▶ **What this task involves**:
With the pictures left out, restate exactly the part below that opens with the line containing "Warming(1909) এর ধারণা" and closes with the line containing "всё компактно, всё".

Data extract below:

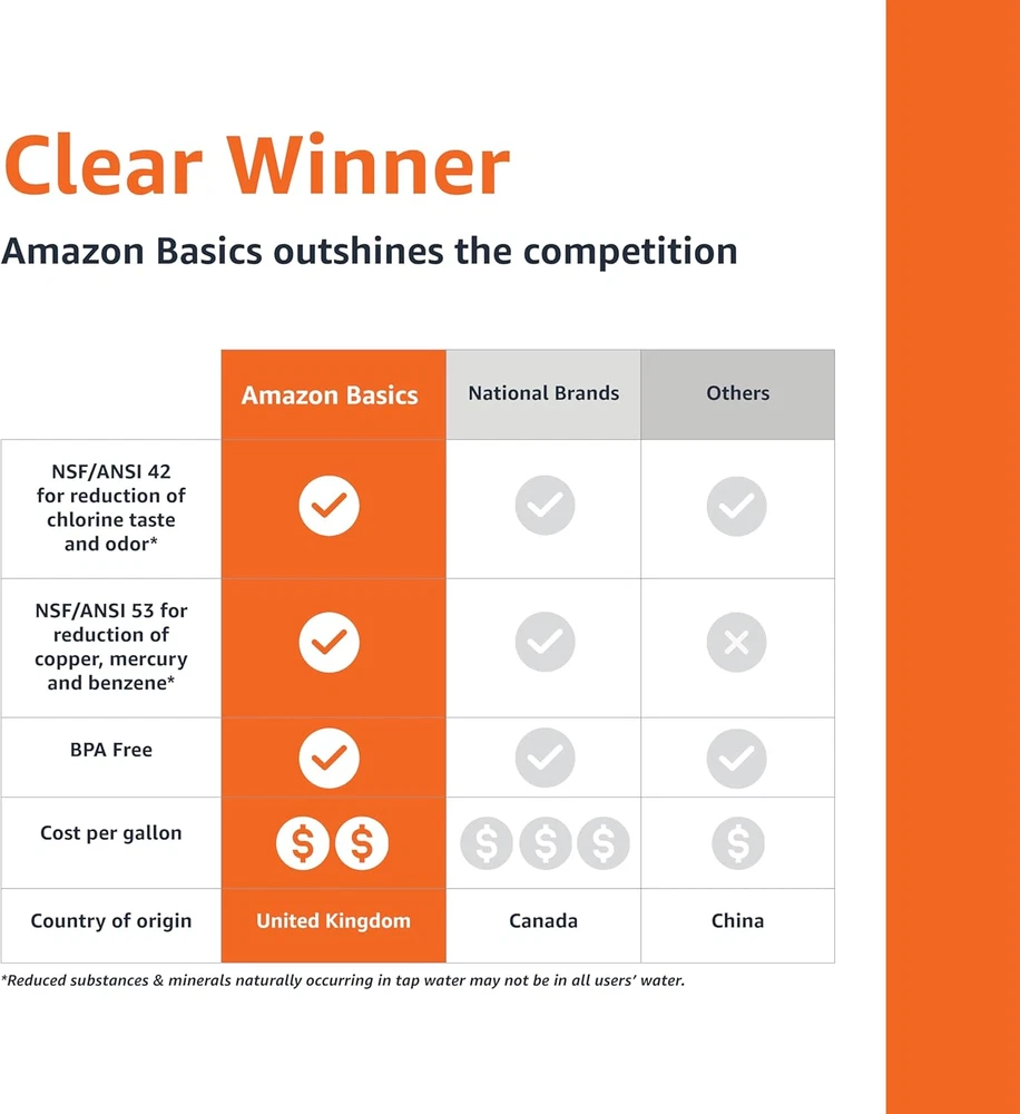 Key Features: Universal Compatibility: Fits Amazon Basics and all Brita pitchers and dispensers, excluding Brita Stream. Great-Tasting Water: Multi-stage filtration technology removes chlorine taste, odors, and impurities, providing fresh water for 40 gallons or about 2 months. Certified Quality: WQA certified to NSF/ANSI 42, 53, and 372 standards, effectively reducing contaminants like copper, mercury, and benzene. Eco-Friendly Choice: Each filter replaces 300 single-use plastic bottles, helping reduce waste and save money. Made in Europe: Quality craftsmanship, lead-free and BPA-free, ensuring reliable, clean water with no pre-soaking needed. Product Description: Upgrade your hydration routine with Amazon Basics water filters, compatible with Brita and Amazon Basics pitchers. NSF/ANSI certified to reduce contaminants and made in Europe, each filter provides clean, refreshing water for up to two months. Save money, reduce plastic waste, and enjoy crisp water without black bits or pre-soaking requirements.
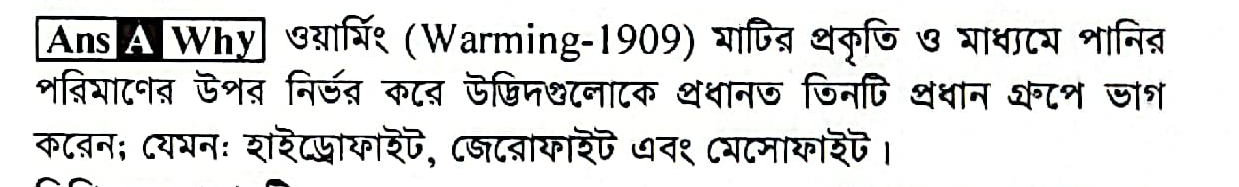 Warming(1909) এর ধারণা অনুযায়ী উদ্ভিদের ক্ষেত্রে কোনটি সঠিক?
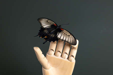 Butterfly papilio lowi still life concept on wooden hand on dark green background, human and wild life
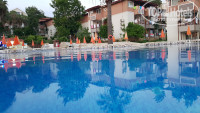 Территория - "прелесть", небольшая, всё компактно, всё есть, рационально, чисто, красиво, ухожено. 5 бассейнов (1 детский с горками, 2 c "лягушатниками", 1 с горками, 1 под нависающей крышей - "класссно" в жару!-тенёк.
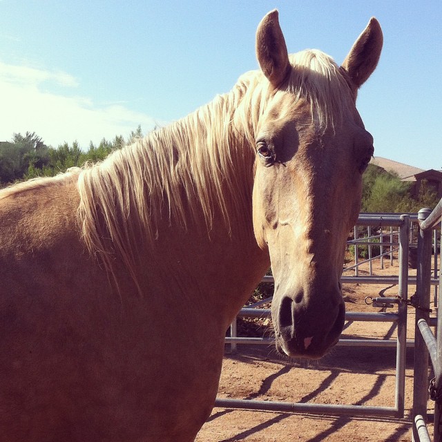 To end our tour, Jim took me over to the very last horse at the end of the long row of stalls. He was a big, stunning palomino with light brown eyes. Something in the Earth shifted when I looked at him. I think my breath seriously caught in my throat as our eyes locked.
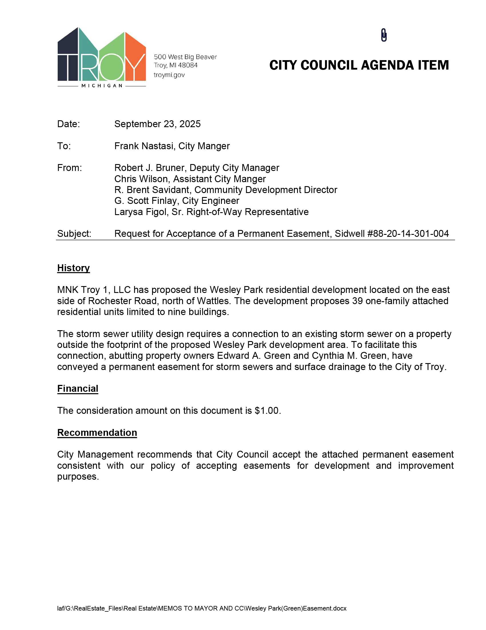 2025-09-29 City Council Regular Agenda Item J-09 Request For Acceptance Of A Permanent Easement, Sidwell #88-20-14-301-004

End of Data extract.

▶ **Response area**:
 Warming(1909) এর ধারণা অনুযায়ী উদ্ভিদের ক্ষেত্রে কোনটি সঠিক?
 Butterfly papilio lowi still life concept on wooden hand on dark green background, human and wild life
 Территория - "прелесть", небольшая, всё компактно, всё есть, рационально, чисто, красиво, ухожено. 5 бассейнов (1 детский с горками, 2 c "лягушатниками", 1 с горками, 1 под нависающей крышей - "класссно" в жару!-тенёк.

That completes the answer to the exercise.